Eventually the Calfgrits came out with me. Still the pigeon stayed calm, and continued walking around the yard. We talked about how cool this was, and then Calfgrit12 noticed the bird had a band on its leg.
It says how bad my eyesight has gotten that I didn’t notice the band even though I had gotten so close to it. Both Calfgrits could even read the code on the band: NPA 8 10 BS 308.
Wifegrit got on her computer and started searching the Web about this situation. Apparently this bird belongs to someone in the National Pigeon Association (NPA). While I sent an email to the association and called the secretary, Wifegrit put some rice and water in small bowls for the boys to place out in the yard for the bird. I left a voice mail message, and then went back outside.

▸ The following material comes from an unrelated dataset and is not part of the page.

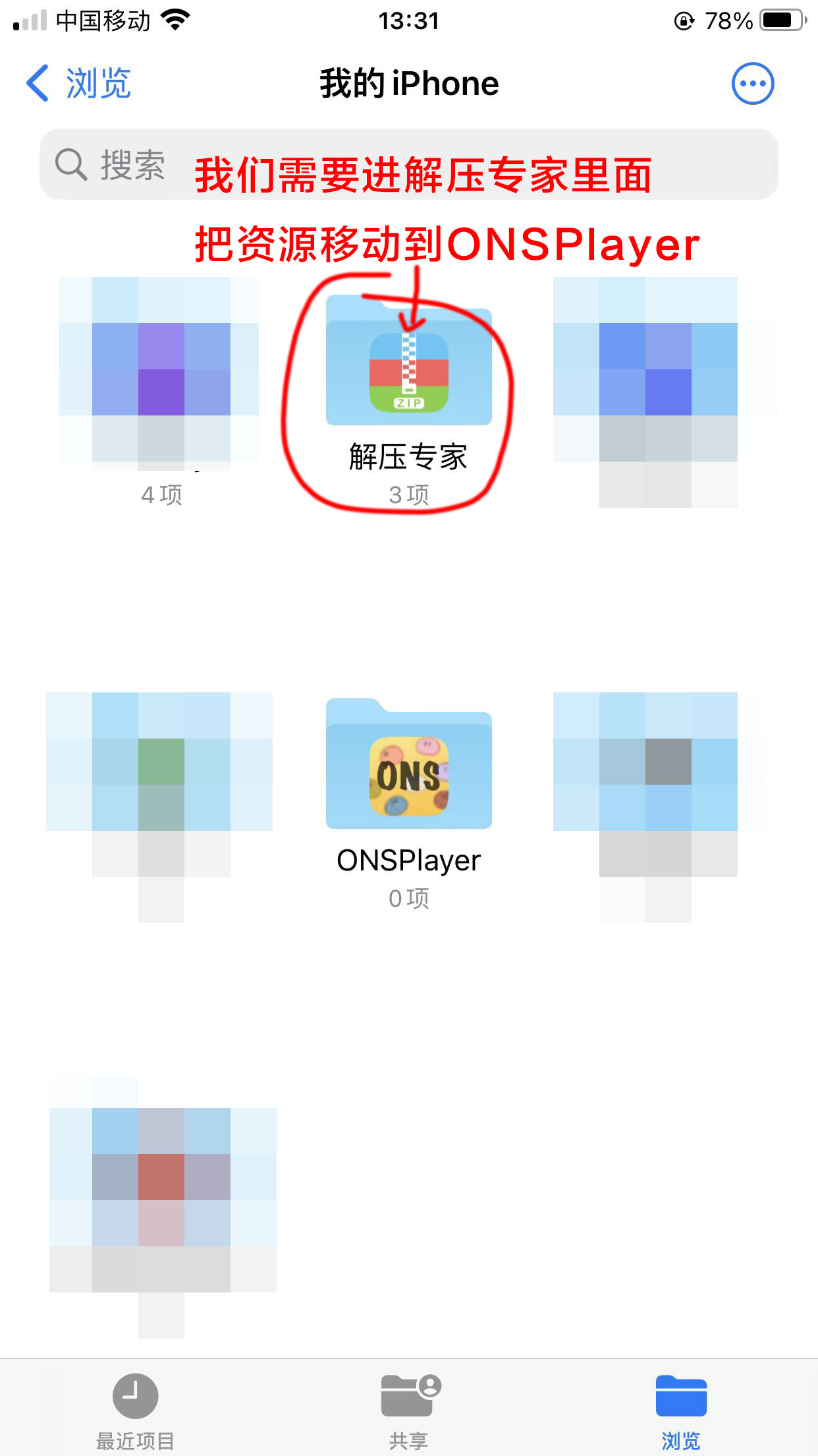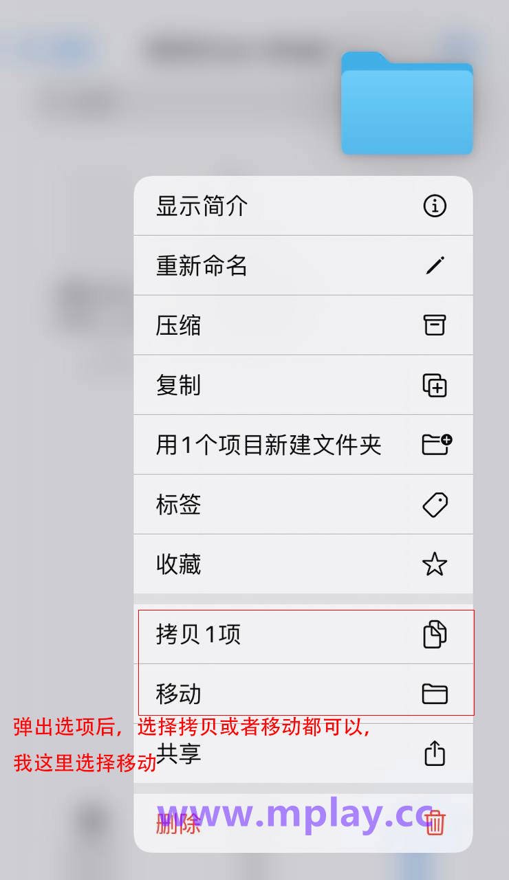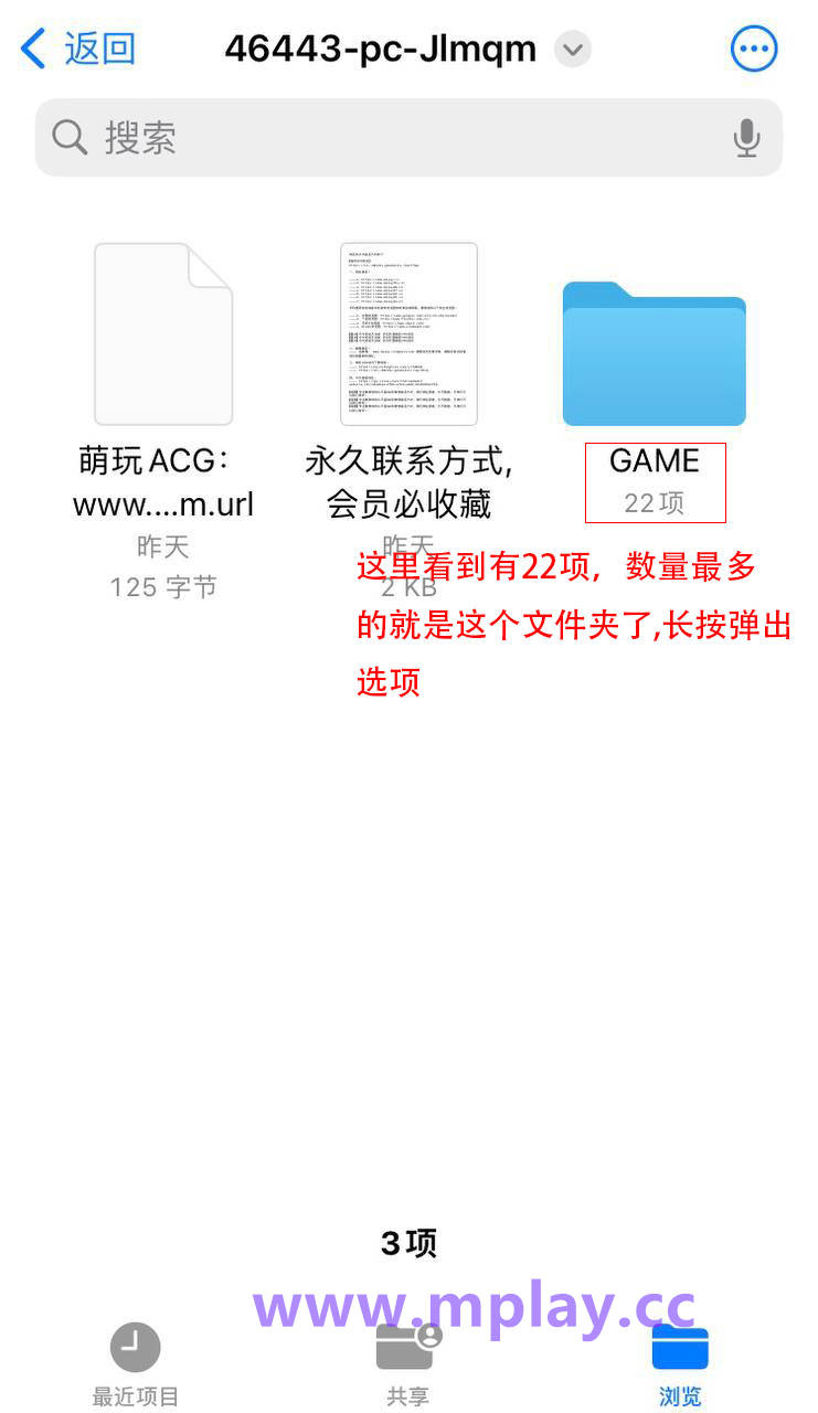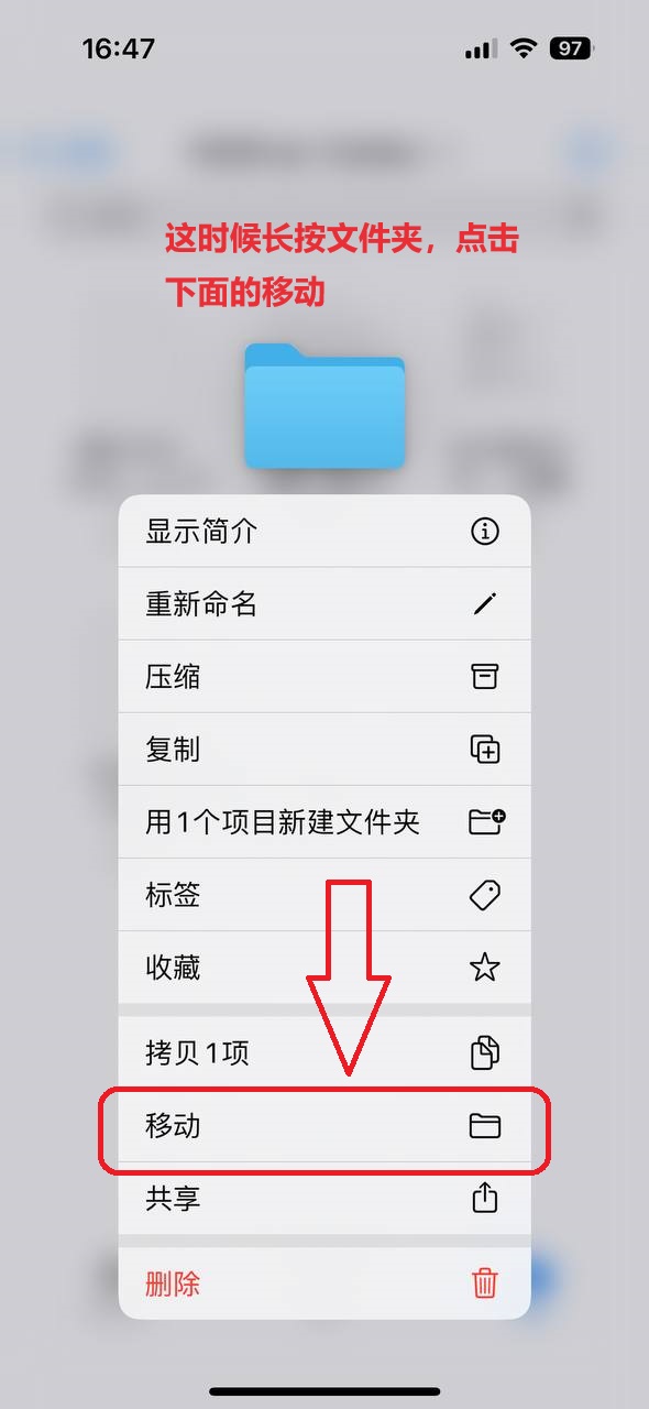 长按下载好的游戏文件夹压缩包

The bird would drink the water, but wouldn’t eat the rice. Calfgrit12 then took some bread outside, and the little fellow tore right into it. The boys named the bird “Luke.” After about half an hour, everyone was over the initial surprise factor, and the boys played while Luke just wandered around watching the boys. I laid down in the hammock and watched everyone.
We weren’t sure if we needed to do anything about the bird, like capture it. Some Websites gave instructions to box it up and contact the owner, so we started talking about what box we could use and how to go about getting the bird into the box. But other Websites said to just feed and water the bird, and then let it fly home on its own. (Its home could be up to hundreds of miles away.) In the end, Luke made the decision on his own.
He flew up to the roof of our house. He walked around up there for a while, looking down on us as if to say, “Thanks for the food and water. I’m all good now.” A few minutes later, he flew off.
Bye Luke. It was a fun evening with you as our surprise guest.